Book Review

Book Review: Armstrong & Charlie

pic from netgalley

Armstrong & Charlie
By Steven B. Frank

My Edition,
ARC e-book, 304 pages
2017, HMH Books
ISBN: 9780544826083 (Hardcover)

Charlie is dreading sixth grade because when he completes it, he’ll be older than his brother Andy who passed away recently. To make matters worse, right before school starts, Charlie finds that most of his friends have switched to different schools. Armstrong has found out he’ll be attending a new school as well, courtesy of the new Opportunity Busing Program – he’ll be joining Charlie’s formerly all-white school and both boys will have a tough time adjusting.

Armstrong & Charlie is one of those books that I greatly enjoyed and just can’t find the words in me for a good review. I hate when this happens because we all know I can rant for days about terrible books, yet there are times when I read something I would gladly recommend and I choke up! Ugh! -_-

This book is set in the 1970s in California, which is a big change of scenery for me, especially for middle-grade. Armstrong and a handful of other students were selected to be bussed to Charlie’s school, Wonderland. This is a new experience for both boys and on the first day of school, perhaps because tensions are high and perhaps because the students are afraid of being misunderstood, Charlie and Armstrong get off on the wrong foot. This starts a feud between the two of them that carries itself throughout the school year, slowly morphing into a solid friendship.

I wanted to slap both boys just as much as I wanted to see them get the upper hand over the other. Charlie and Armstrong are both clever and stubborn and Armstrong’s wit had me laughing several times.

Towards the end I wanted to cry, but Sweetbeeps was in the room and while he wouldn’t have minded my waterworks, he would have been confused as to why I was sitting in front of my laptop sniveling and then I would have had to explain like, the whole book, and he wouldn’t have had time for that, so I just bottled it up.

I know this review is basically rubbish very vague as far as giving you any information on what I liked, but I warned you! I just want to shout in your face that I love this book. I found it poignant and funny and I think that this is a book that perfectly captures that awkward time in sixth grade where you’re not quite a little kid anymore, but also not a teenager yet. The running theme throughout the book is “different, yet the same” which is something we all could think about more often when it comes to our social interactions with others. This is an excellent contemporary (wait, is it still contemporary if it’s set over 40 years ago?!) read if you’re looking for strong social themes in your middle-grade or a story line that is a little deeper and more meaningful. Again, sorry this review is so awkward! But I really enjoyed the hell outta this book!
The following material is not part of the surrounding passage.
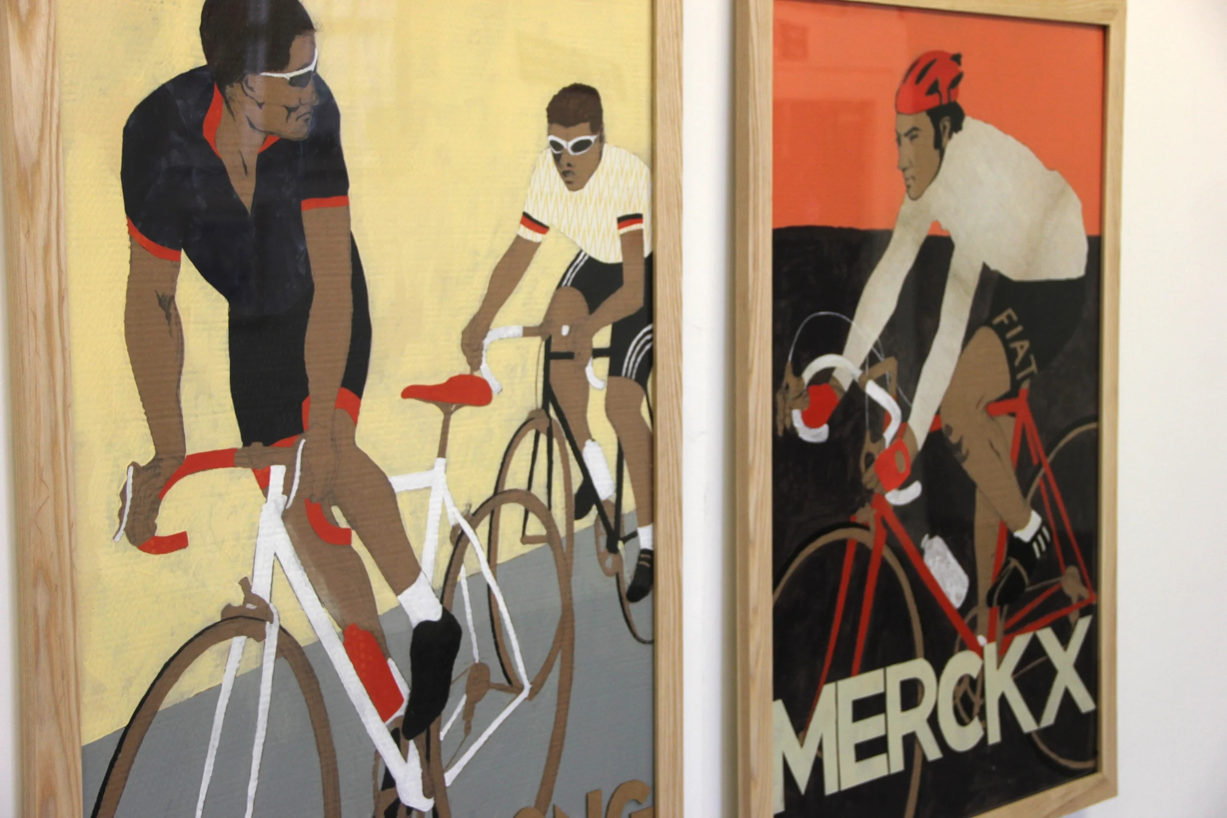 Ride Velo favourite, artist Eliza Southwood, was displaying a new series of mixed media works that were commissioned by Spin London to fill the entrance space. Featuring cycling legends such as Hinault, Armstrong, Burton and Pantani, all eight pictures were snapped up by a collector before the show even began! Luckily Eliza had brought along some other prints to sell including her new A2 sized 'Spring Classics'. We couldn't afford the A0 prints on display at Look Mum No Hands! currently but the A2 version was a winner and we ordered two!

I received this book for free from NetGalley in exchange for an honest review. This does not affect my opinion of the book or the content of my review. All opinions in this post are my own.
Steven has a great looking website and he talks a little there (and in the note in the back of his book) about how he experienced the start of the Opportunity Busing program at his middle school and the friends he made because of that change.